Jun 25, 2012 12:03
More thoughts on how I'm learning to be an adult.
"Life as it is. I've lived for over forty years, and I've seen life as it is. Pain! Misery! Cruelty beyond belief! I've heard all the voices of God's noblest creatures: moans of pain from bundles in the street. (snip) And life itself seems lunatic! Who knows where madness lies?! Perhaps to be too practical is madness! To surrender dreams, this may be madness! To seek treasure where there is only trash! Too much sanity may be madness! But maddest of all is to see life as it is, and not as how it should be!" ~Man of La Mancha
Now that I'm over 40, this is more true than ever. Two years ago I realized I was no longer the happy person I had tried to be, with thanks to those who pointed out how I had been changing. I had become accustomed to living life as it is, and commiserating with people that are determined to experience every negative emotion and situation that comes their way. It is easy to focus on the negative, with the self delusion that one is improving oneself by seeing all the flaws around us clearly.
I say delusion because I really don't believe this is the case. I could dwell on the truth that every single person has let me down in a large or small ways over time and association. I could admit that I have been overly sensitive, and hurt many times. Or I could open my arms wide and embrace the humanity of those I love and care for, and allow them to be as flawed and human as I am.
I believe that it is more important to laugh than to cry. I believe it is more important to forgive than to allow myself to be insulted. I believe that it is more important to be the rag that wipes the dust off the traveler's boot as they come inside my metaphorical home than it is to be the outraged homeowner when someone tracks in mud flung in the outside world. I clearly also love metaphors way too much.
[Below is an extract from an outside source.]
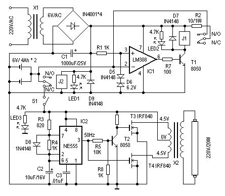 停電了,就會自動將蓄電池的電供給應急燈。下面提供應急燈的電路圖。
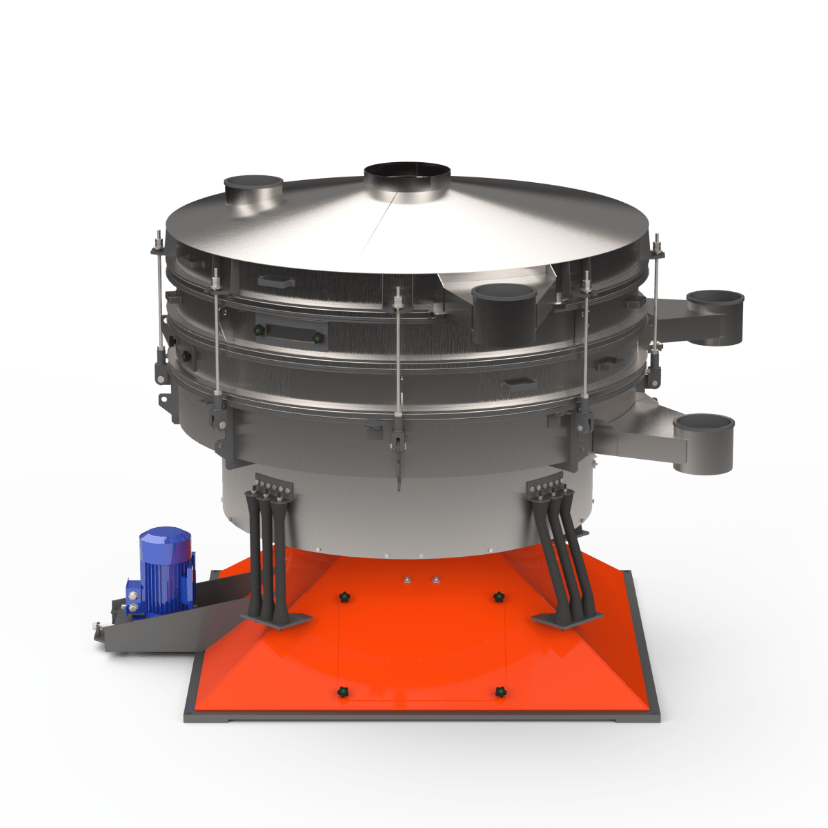 Грохот качающийся с тремя ситами из нержавеющей стали — это высокоэффективное оборудование для многоступенчатого рассева и сортировки сыпучих материалов на четыре фракции за один технологический цикл. Качающиеся (круговые) колебания корпуса обеспечивают равномерное распределение материала по всем ситам, высокую точность классификации и стабильную работу в непрерывном режиме.

I believe in serious introspection. And I believe that there are times to throw it away and dance in the moment when they come. I believe it is important to hold my fellow dancers up when they stagger, and encourage them to find the steps to their hearts' homes. Life as it is will always provide sharp stones in the road, that will bruise our feet. I choose to sigh then laugh at my sore feet, and try to find companions with similar feet to sit together in a stream where the cool water can wash it away.
It is easy to empathize, and sometimes I think people don't know how deeply I really do understand their negative moments. But I choose not to suffer from the indignities that life as it is heaps upon us, and can only hope they will as well. It is a path, not a destination, to choose to be a happy person, as one does not just wake up one day to discover one is happy forever after, amen. Every moment, every stumble, one has to choose joy, forgiveness, and love. And I know I will forget sometimes, and grouse my way through a moment. I only vow to struggle to let the grousing and grumbling go as often as possible, and live for the next moment rather than being harmed by the last.
Sooner or later, one has to let go all the pain and unhappiness of the past, and say proudly to the universe that I am more than the sum of my experiences. It is not proving to be the easiest set of choices I've ever made, this business of always trying to choose happiness, but I think it's the most fulfilling. It's certainly better than carrying around anger, bitterness, hurt, and pain.
And now I have to decide if sending these musings to my Niece would make a difference or not.